Because culinary practices at the palace provided a model for the entire empire, the ways of the sultan and his household had a profound impact on the cooking practices and habits of the empire’s elite. Their ways, in turn, were imitated by ordinary subjects of the sultan in both Istanbul and the provinces. In this manner, meals prepared for the imperial council in Istanbul eventually helped introduce Ottoman culinary traditions to the world outside the palace.
The grand vizier and his cabinet sat down to lunch only after they had attended to affairs of state. Their meal was comprised of six distinct dishes. The starter was always a rice dish, known as dane (Persian for “grain”) in the palace and as pilaf elsewhere. Dane could include a number of rice dishes, such as plain rice; Persian rice; rice with minced meat, vegetables, raisins, or currants; and even rice with plain pepper. The second course was usually chicken soup, which most likely also included onions, peppers, chickpeas, lemon juice, and parsley. The traditional third course, börek, was a baked or fried pastry filled with chicken, cheese, minced meat, potatoes, and a variety of vegetables, such as parsley, spinach, leek, or eggplant. Çömlek aşi (Chömlek ashi), made up of clarified butter, onions, sesame, sumac, chickpeas, and meat, was another popular third or fourth choice. Börek and çömlek aşi at times were replaced by a variety of soups or bull
ion (şurba-i sade or tarbana soup), or even by vegetable dishes such as burani, which consisted of spinach or another vegetable with rice and yogurt. In addition to burani and dolma, main courses also could include the old-fashioned Turkish pasta dish titmaç (titmach), along with yogurt and a kind of wheat gruel with meat. The fourth of the six courses was usually a sweet dish, such as baklava or another type of traditional dessert. At times dessert was preceded by a more substantial course, such as sheep’s trotters with vinegar, cow’s tripe, sausage made of gut or meat ragout, or poached eggs with yogurt. The sixth and final course was always a meat dish, most likely some variety of kebab consisting of lamb, chicken, pigeon, or meatballs, either grilled or fried as köfte.
A variety of breads and sherbets always accompanied the imperial cabinet’s meal. Along with these, a mix of stewed, sugared, fresh, and dried fruits, most often grapes, raisins, currants, apricots, and figs, was served.

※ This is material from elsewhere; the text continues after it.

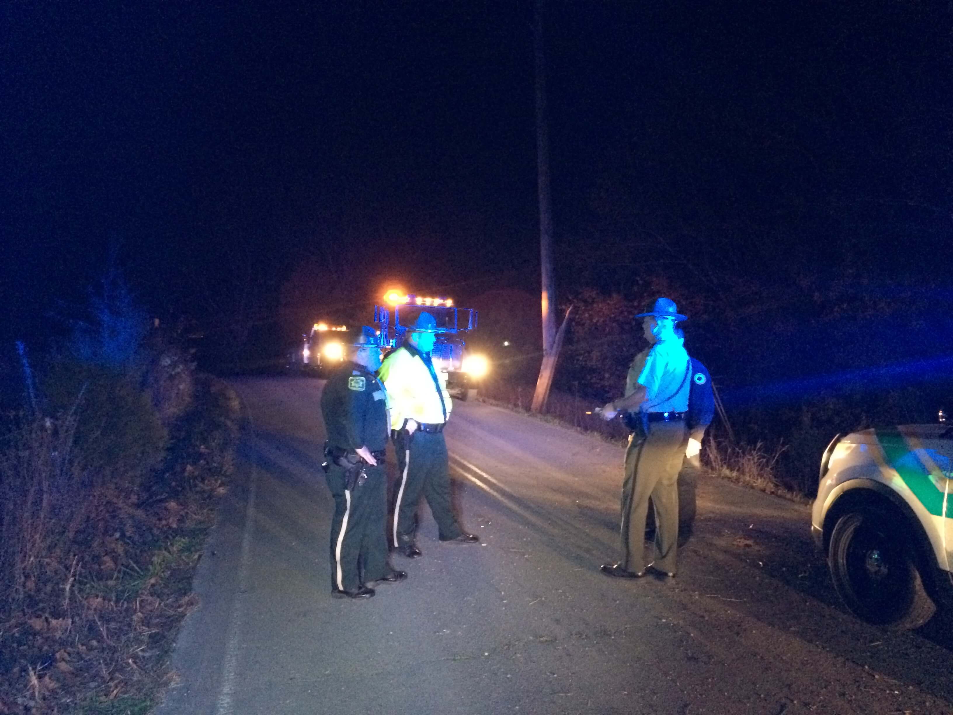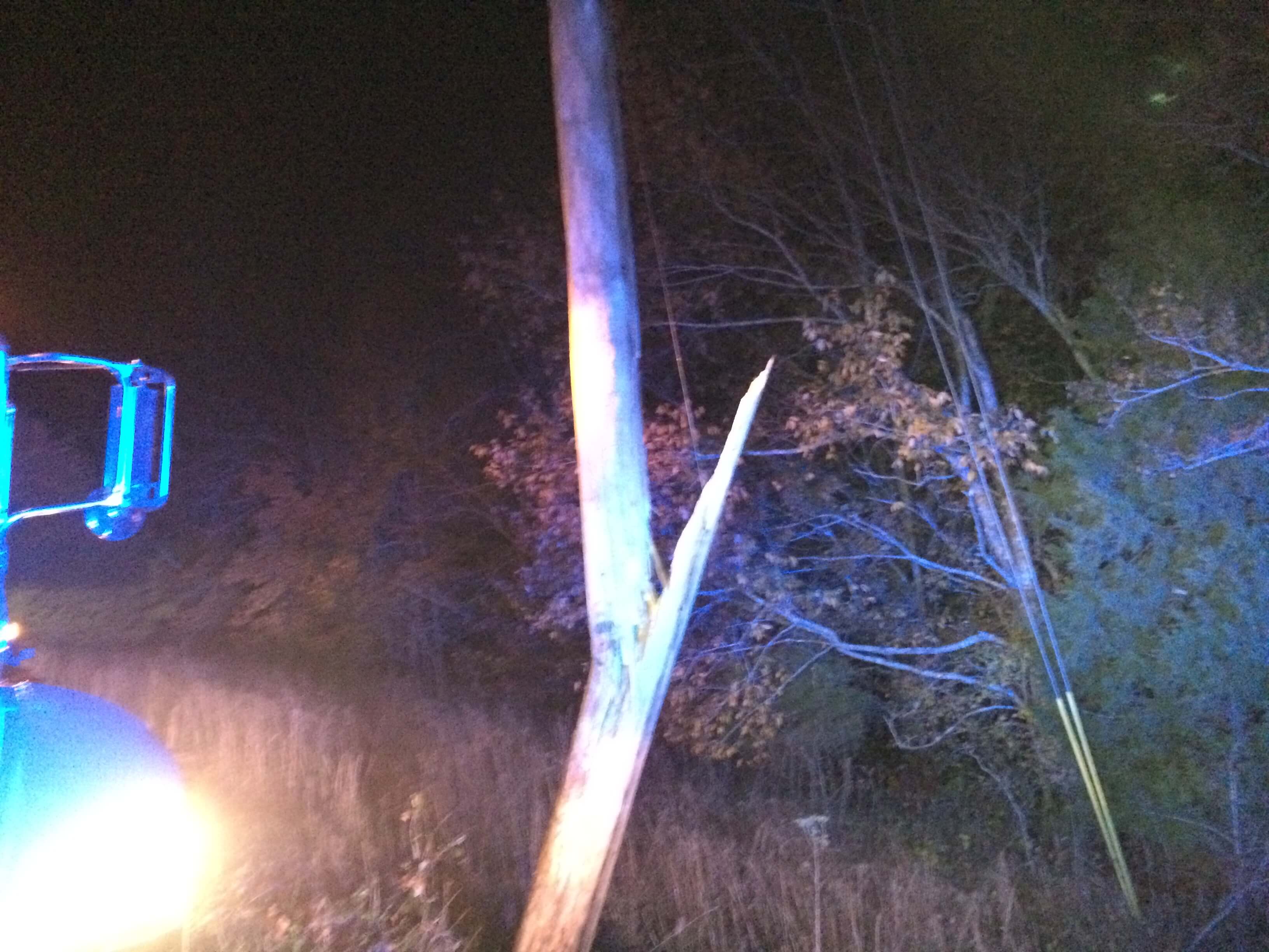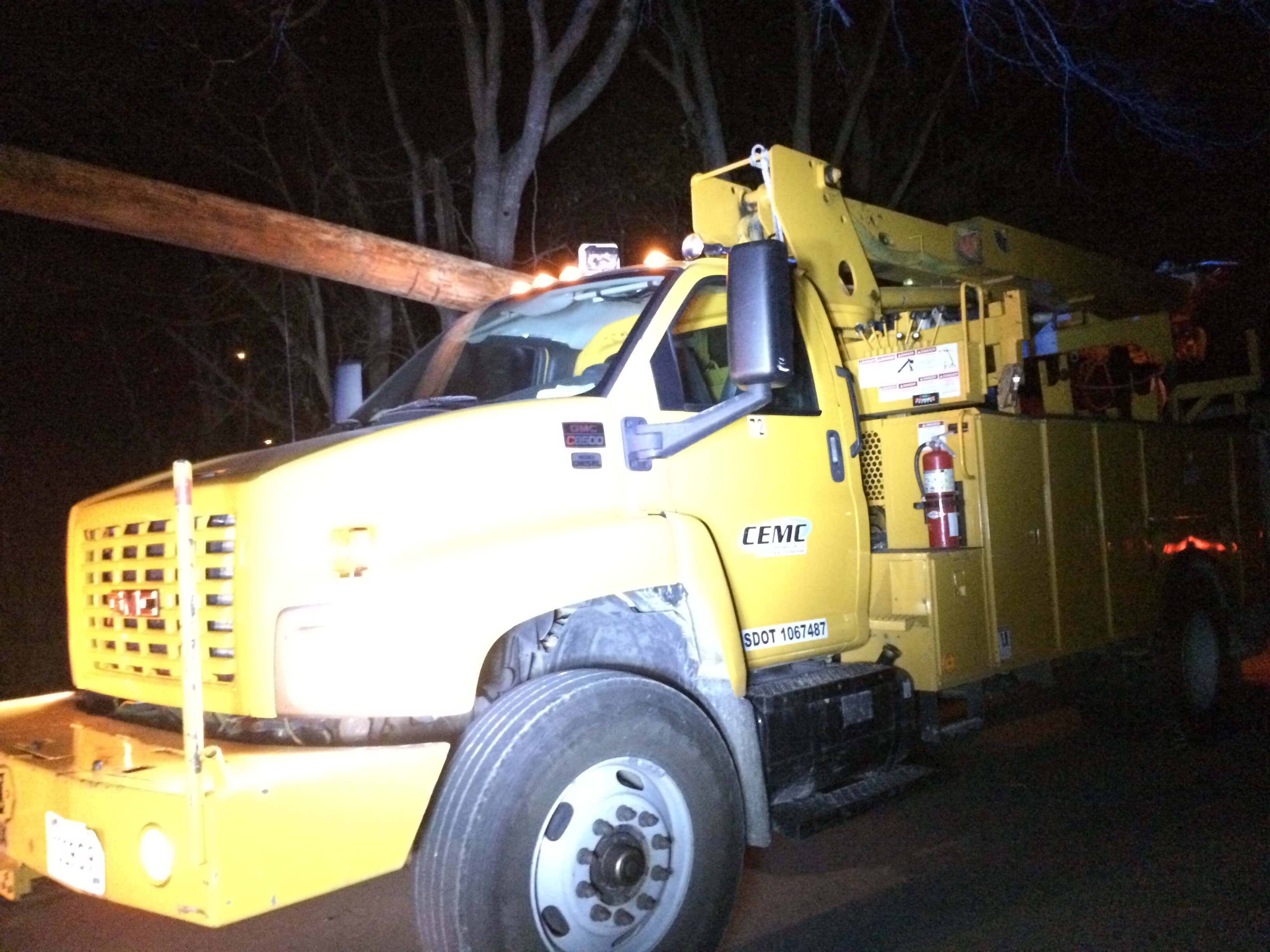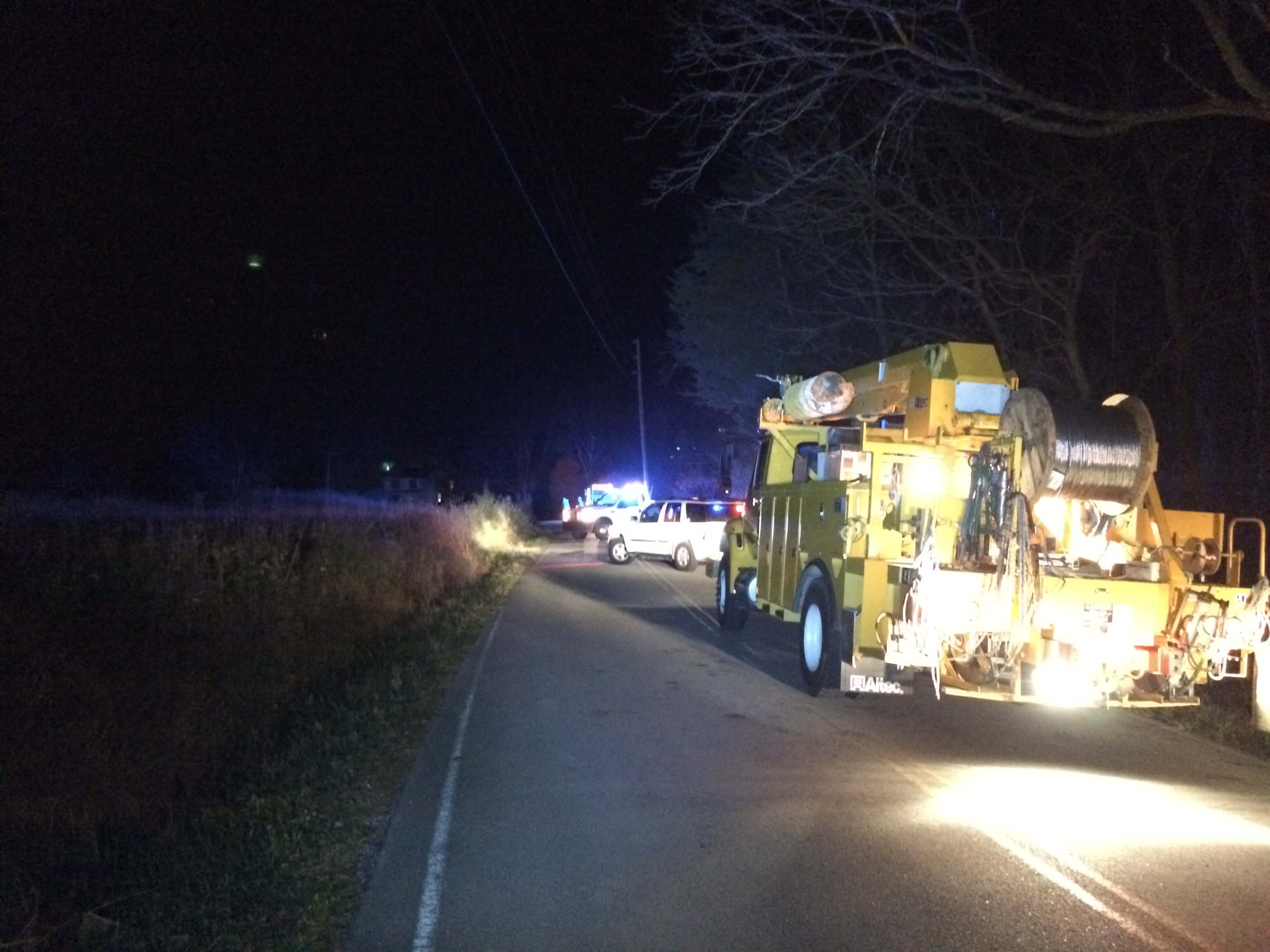 The truck was a good distance down the embankment with no vehicle access making the process of retrieving it somewhat time consuming. In addition, CEMC was called in to replace the damaged utility pole. In all, the road was closed for about two hours while crews cleaned up the scene.

Dried fruits also were heavily used in various main dishes. Böreks could be flavored with dried apricots, currants, dates, chestnuts, and apples, along with the expected minced meat and onions. Raisins, currants, chestnuts, and almonds also were used in pilafs and other rice dishes.
Meals for the palace secretaries, scribes, and servants of the imperial council contrasted sharply with the dishes prepared for the grand vizier and his cabinet. The food served was not only of lower quality, but it was limited to two dishes, consisting mostly of rice or wheat soup, plain rice, or a wheat dish that contained eggs. These also could include a yogurt soup called mastabe, which combined clarified butter, yogurt, meat, chickpeas, onions, and parsley. The absence of any sweet dishes reflected the simplicity of the menu intended for the lower-ranking members of the imperial divān.